▶ **Data shown**:
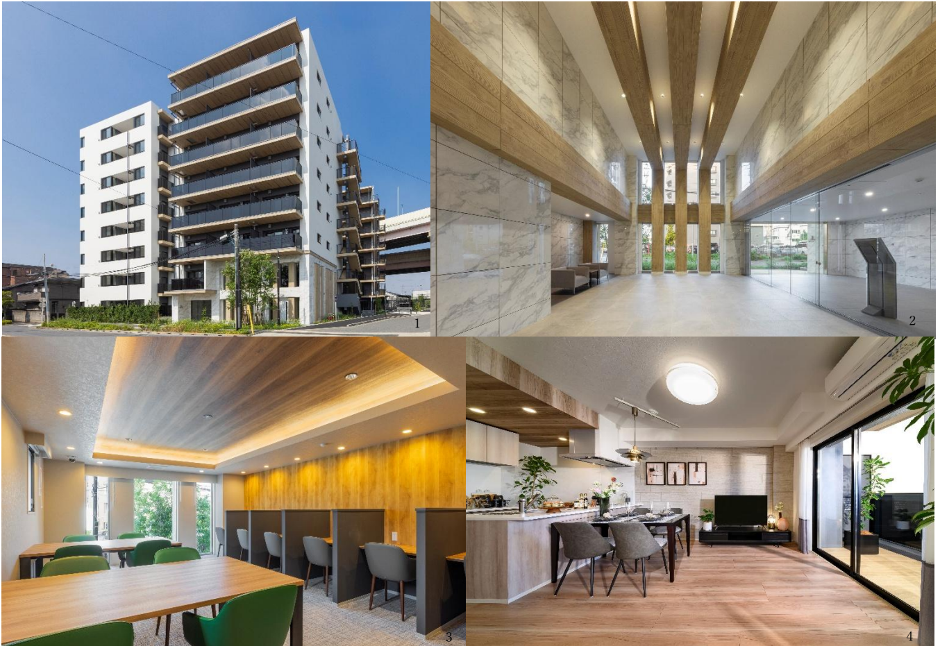
1.外観 2.エントランスホール 3.ワークラウンジ 4.リビング・ダイニング・キッチン (Gタイプ)
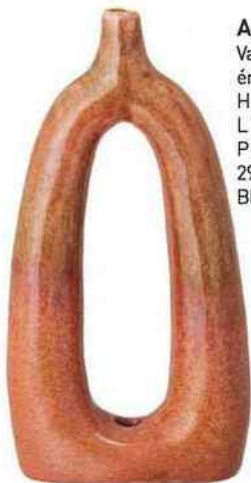
Arty Vase en grès émaillé, H 24,5 x L 12,5 x P 6,5 cm, 29,90 €, Bloomingville.
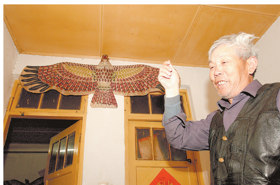
老人介绍：有一次，放飞鸢鹰风筝，曾经有真的老鹰围着风筝盘旋，以为发现了同类。
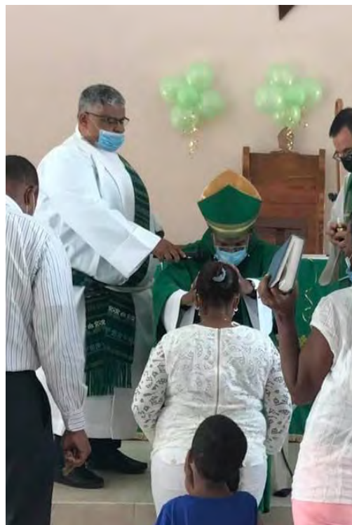
Jesús Nazareno, Santiago

▶ **Required action**: No pictures belong in the copy. Retype exactly, and only, the lines from the line containing "Arty Vase en" through the last line of the data, both included.

▶ **Answer for this exercise**:
Arty Vase en grès émaillé, H 24,5 x L 12,5 x P 6,5 cm, 29,90 €, Bloomingville.
老人介绍：有一次，放飞鸢鹰风筝，曾经有真的老鹰围着风筝盘旋，以为发现了同类。
Jesús Nazareno, Santiago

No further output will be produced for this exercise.